Reinforcement learning (RL) is emerging as a promising approach to intelligently interact with continuously changing physical or virtual environments. Advances in RL research have already shown remarkable results, such as Google’s AlphaGo beating the Go world champion, and are finding their way into self-driving cars, unmanned aerial vehicles, and surgical robotics. Not surprisingly, many see RL growing rapidly into a potentially dominant area in ML over the next decade.
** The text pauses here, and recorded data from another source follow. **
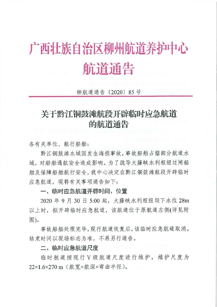 关于黔江铜鼓滩航段开辟临时应急航道的航道通告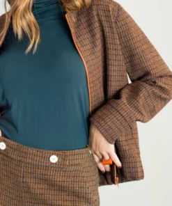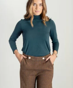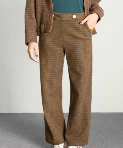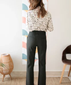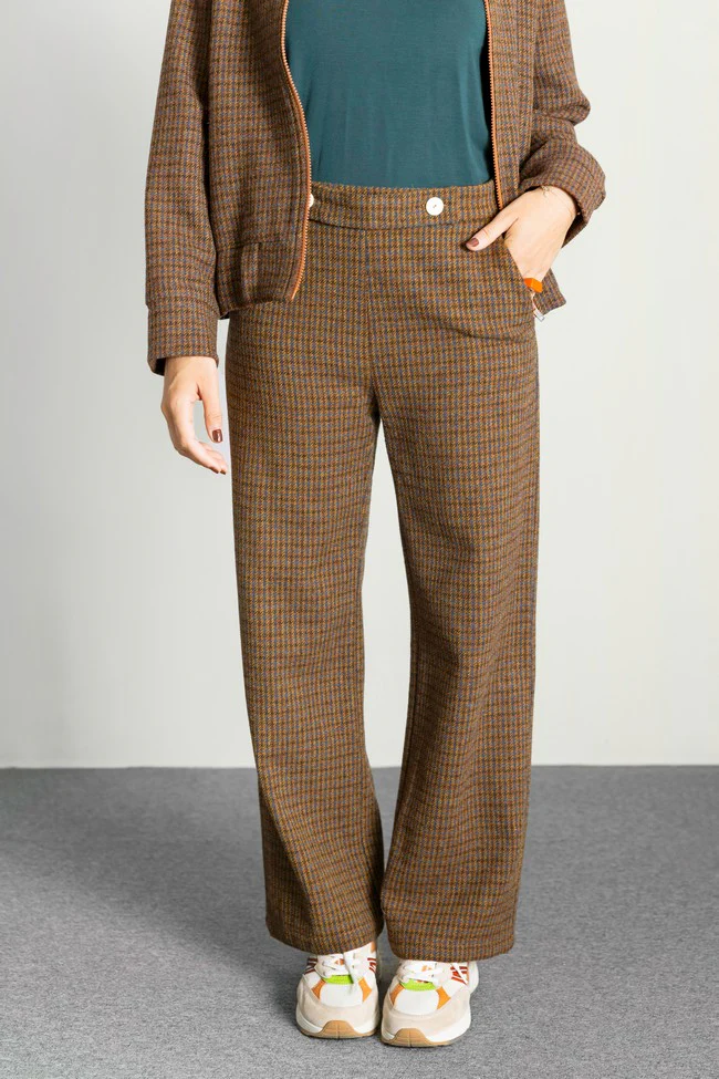 – Pantalón de corte recto y tiro medio/alto.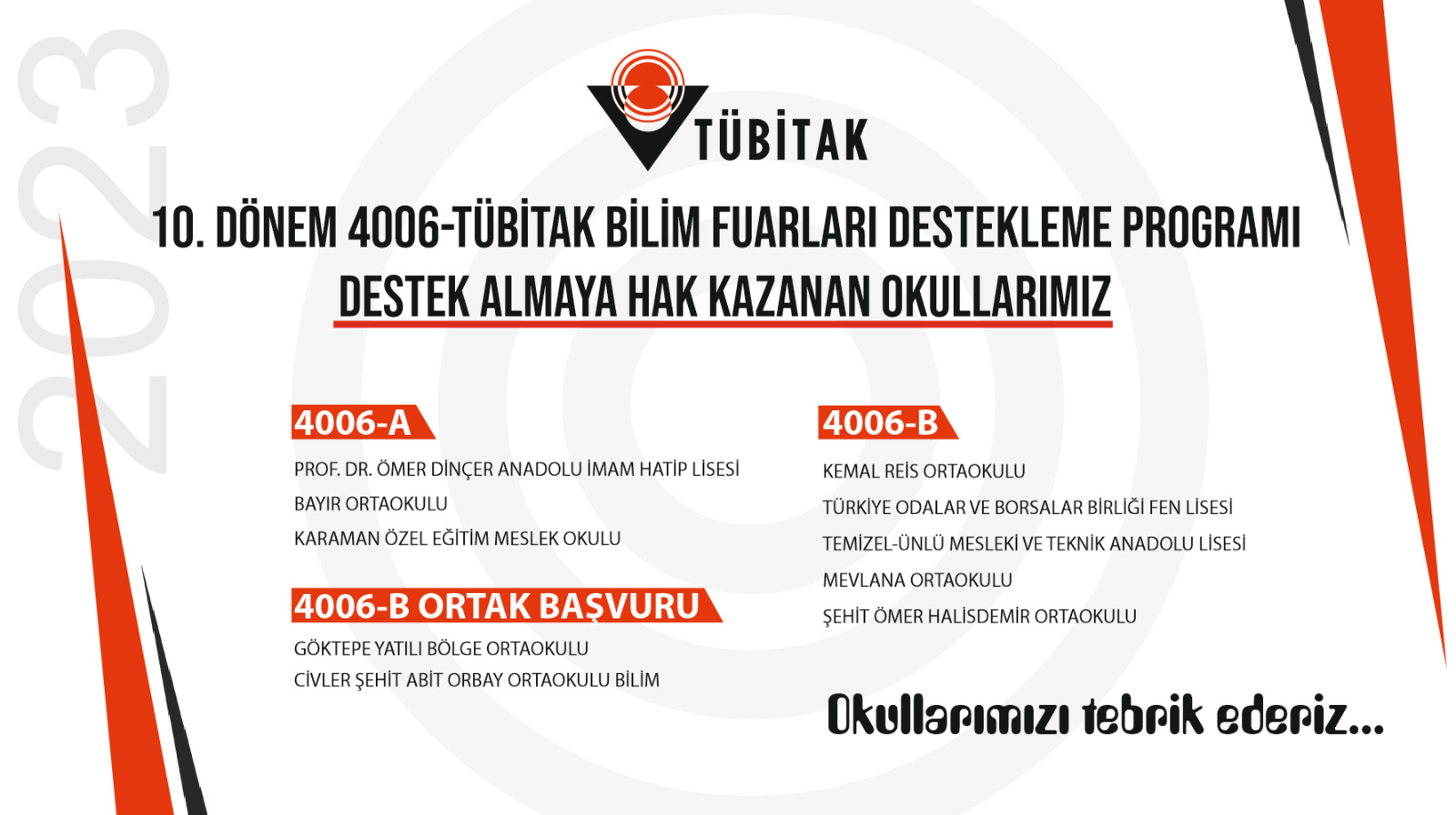Yapılan değerlendirme neticesinde; Prof. Dr. Ömer Dinçer Anadolu İmam Hatip Lisesi, Bayır Ortaokulu ve Karaman Özel Eğitim Meslek Okulu TÜBİTAK 4006-A bilim fuarı için destek almaya hak kazanırken; Türkiye Odalar ve Borsalar Birliği Fen Lisesi, Temizel-Ünlü Meslekî ve Teknik Anadolu Lisesi, Kemal Reis Ortaokulu, Mevlana Ortaokulu, Şehit Ömer Halisdemir Ortaokulu ile ortak başvuru yapan Göktepe Yatılı Bölge Ortaokulu ve Civler Şehit Abit Orbay Ortaokulu bilim fuarı için destek almaya hak kazanan okullar oldu.

However, the applications of RL pose a new set of requirements, the combination of which creates a challenge for existing distributed execution frameworks: computation with millisecond latency at high throughput, adaptive construction of arbitrary task graphs, and execution of heterogeneous kernels over diverse sets of resources.
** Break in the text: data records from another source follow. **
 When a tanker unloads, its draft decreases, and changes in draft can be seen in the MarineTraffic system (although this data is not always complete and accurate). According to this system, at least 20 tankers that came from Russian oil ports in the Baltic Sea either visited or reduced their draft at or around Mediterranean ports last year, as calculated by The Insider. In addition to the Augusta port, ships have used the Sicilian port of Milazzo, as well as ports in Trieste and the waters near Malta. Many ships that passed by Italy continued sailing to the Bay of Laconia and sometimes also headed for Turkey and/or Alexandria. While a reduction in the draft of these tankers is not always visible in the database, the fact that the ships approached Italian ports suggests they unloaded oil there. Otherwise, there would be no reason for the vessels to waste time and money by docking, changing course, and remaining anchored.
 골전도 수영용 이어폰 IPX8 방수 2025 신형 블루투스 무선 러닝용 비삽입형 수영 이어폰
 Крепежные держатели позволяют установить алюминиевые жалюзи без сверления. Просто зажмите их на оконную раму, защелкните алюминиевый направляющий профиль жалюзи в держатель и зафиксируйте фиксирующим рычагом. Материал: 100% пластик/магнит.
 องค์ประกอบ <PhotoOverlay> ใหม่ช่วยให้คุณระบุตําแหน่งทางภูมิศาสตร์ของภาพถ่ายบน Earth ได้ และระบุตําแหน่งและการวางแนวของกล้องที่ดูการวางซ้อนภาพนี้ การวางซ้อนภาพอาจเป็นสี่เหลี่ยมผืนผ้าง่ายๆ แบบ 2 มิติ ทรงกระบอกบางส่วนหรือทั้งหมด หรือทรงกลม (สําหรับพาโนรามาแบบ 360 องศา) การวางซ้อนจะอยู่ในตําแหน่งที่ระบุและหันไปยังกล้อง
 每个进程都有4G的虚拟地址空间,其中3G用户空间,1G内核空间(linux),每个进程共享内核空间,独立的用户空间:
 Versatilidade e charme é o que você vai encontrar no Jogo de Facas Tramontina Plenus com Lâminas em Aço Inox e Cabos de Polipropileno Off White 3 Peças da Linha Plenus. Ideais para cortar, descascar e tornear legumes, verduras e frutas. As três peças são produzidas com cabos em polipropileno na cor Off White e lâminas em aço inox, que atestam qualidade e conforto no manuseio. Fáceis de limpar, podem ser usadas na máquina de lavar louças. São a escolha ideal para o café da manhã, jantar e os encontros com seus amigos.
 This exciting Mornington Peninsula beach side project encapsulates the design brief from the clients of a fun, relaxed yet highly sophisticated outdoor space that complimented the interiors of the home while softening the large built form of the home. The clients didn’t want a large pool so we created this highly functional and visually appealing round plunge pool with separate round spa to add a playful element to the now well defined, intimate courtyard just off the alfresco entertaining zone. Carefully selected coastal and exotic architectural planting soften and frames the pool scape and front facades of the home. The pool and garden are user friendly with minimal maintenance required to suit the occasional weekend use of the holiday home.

Ion Stoica, Robert Nishihara, Richard Liaw, Eric Liang, and Philipp Moritz lead a deep dive into Ray, a new distributed execution framework for reinforcement learning applications developed by machine learning and systems researchers at UC Berkeley’s RISELab, walking you through Ray’s API and system architecture and sharing application examples, including several state-of-the art RL algorithms.
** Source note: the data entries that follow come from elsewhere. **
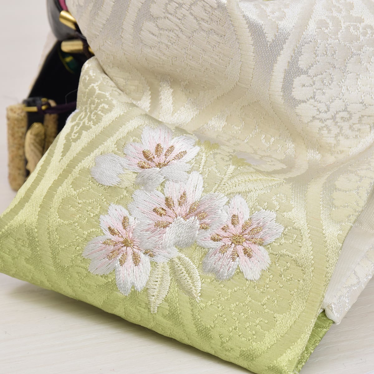 お人形の衣裳には暈し染に刺繍を施した豪華な仕上げ。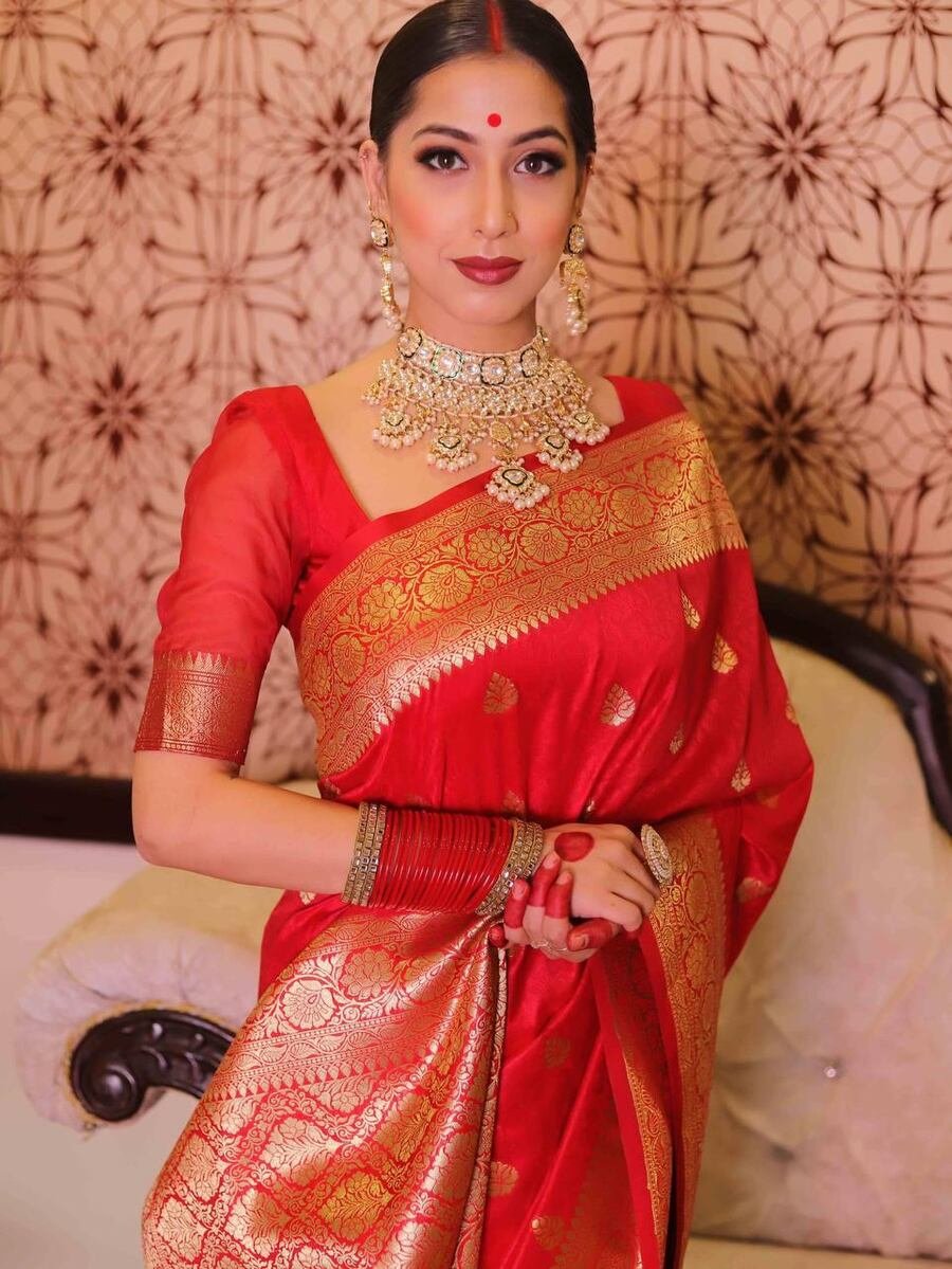 NEW ARRIVAL LICHI SILK ORGANIC BANARASI SAREE WITH UNSTITCHED BLOUSE RED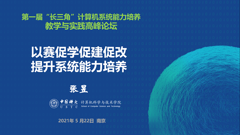 因疫情原因,中国科学技术大学张昱副教授通过视频线上作了“以赛促学促建促改,提升系统能力培养”报告,介绍了“系统能力培养”安徽工作组自2017年以来开展的以赛促学促建促改等工作。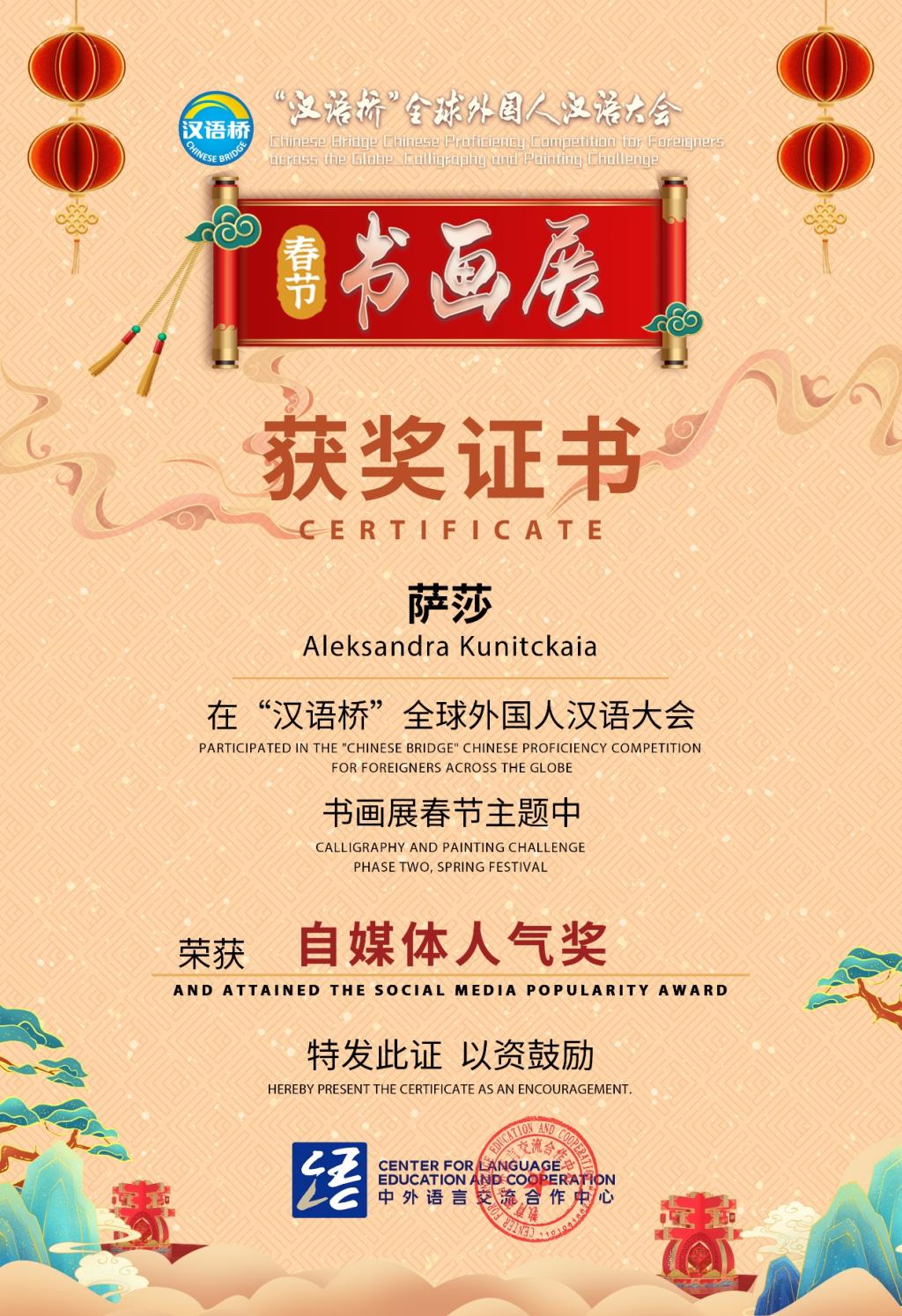 留学生萨莎在“汉语桥”书画展春节主题中荣获“自媒体人气奖”

Richard Liaw is a PhD student in the Berkeley Artificial Intelligence Research (BAIR) Lab and RISELab at UC Berkeley working with Joseph Gonzalez, Ion Stoica, and Ken Goldberg. He’s worked on a variety of different areas, ranging from robotics to reinforcement learning to distributed systems. He’s working on Ray, a distributed execution engine for AI applications; RLlib, a scalable reinforcement learning library; and Tune, a distributed framework for model training.
Eric Liang is a second-year PhD student working in the University of California, Berkeley, RISELab with Ion Stoica. He works on frameworks and applications for machine learning and reinforcement learning. Previously, he spent several years working on systems in industry at Databricks and Google.